BEGIN Provided records

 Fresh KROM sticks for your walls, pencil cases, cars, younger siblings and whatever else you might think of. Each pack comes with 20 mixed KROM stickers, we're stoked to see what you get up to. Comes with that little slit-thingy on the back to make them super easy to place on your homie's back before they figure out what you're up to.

END Provided records
BEGIN Provided records

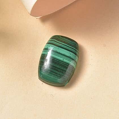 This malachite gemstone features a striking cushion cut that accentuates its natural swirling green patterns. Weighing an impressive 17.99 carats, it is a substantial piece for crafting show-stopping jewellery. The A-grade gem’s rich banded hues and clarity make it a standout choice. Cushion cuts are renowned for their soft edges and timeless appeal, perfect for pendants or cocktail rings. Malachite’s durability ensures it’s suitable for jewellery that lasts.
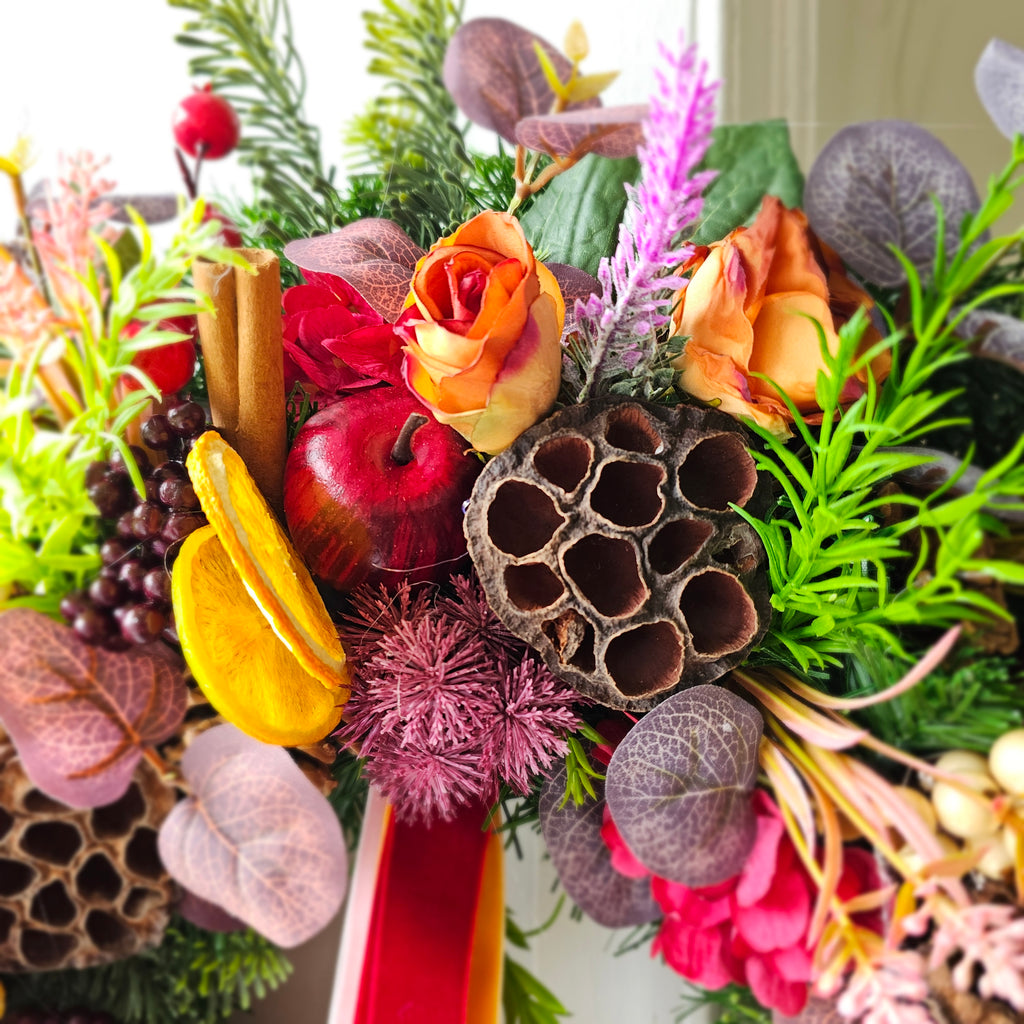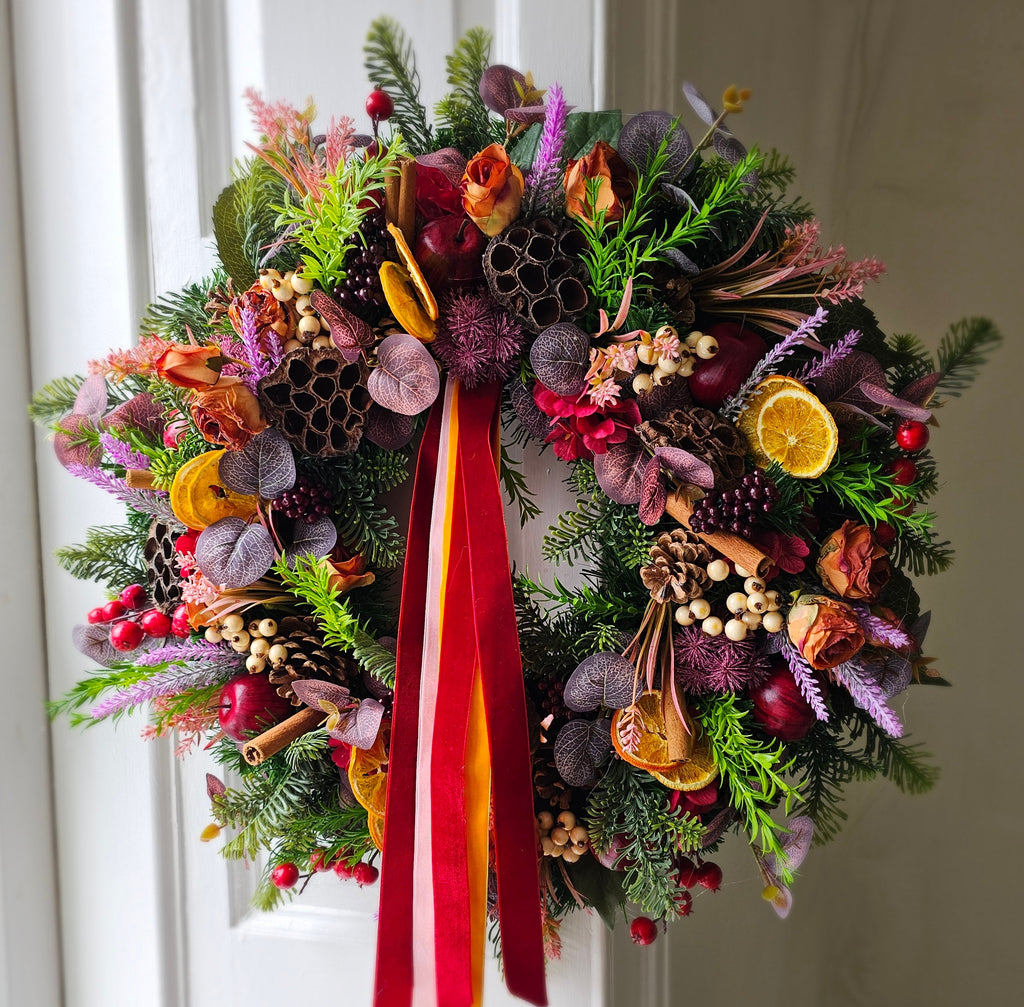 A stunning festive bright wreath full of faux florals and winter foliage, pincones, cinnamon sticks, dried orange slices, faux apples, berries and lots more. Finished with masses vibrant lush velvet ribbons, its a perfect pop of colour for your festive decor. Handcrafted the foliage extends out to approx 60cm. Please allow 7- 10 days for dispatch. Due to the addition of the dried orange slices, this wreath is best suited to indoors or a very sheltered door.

END Provided records

*What is being asked*. When you reach the line with "This malachite gemstone" in the records above, start writing out each line exactly, and stop after the line with "A stunning festive". Pictures stay out.

*Exercise output*.
 This malachite gemstone features a striking cushion cut that accentuates its natural swirling green patterns. Weighing an impressive 17.99 carats, it is a substantial piece for crafting show-stopping jewellery. The A-grade gem’s rich banded hues and clarity make it a standout choice. Cushion cuts are renowned for their soft edges and timeless appeal, perfect for pendants or cocktail rings. Malachite’s durability ensures it’s suitable for jewellery that lasts.
 A stunning festive bright wreath full of faux florals and winter foliage, pincones, cinnamon sticks, dried orange slices, faux apples, berries and lots more. Finished with masses vibrant lush velvet ribbons, its a perfect pop of colour for your festive decor. Handcrafted the foliage extends out to approx 60cm. Please allow 7- 10 days for dispatch. Due to the addition of the dried orange slices, this wreath is best suited to indoors or a very sheltered door.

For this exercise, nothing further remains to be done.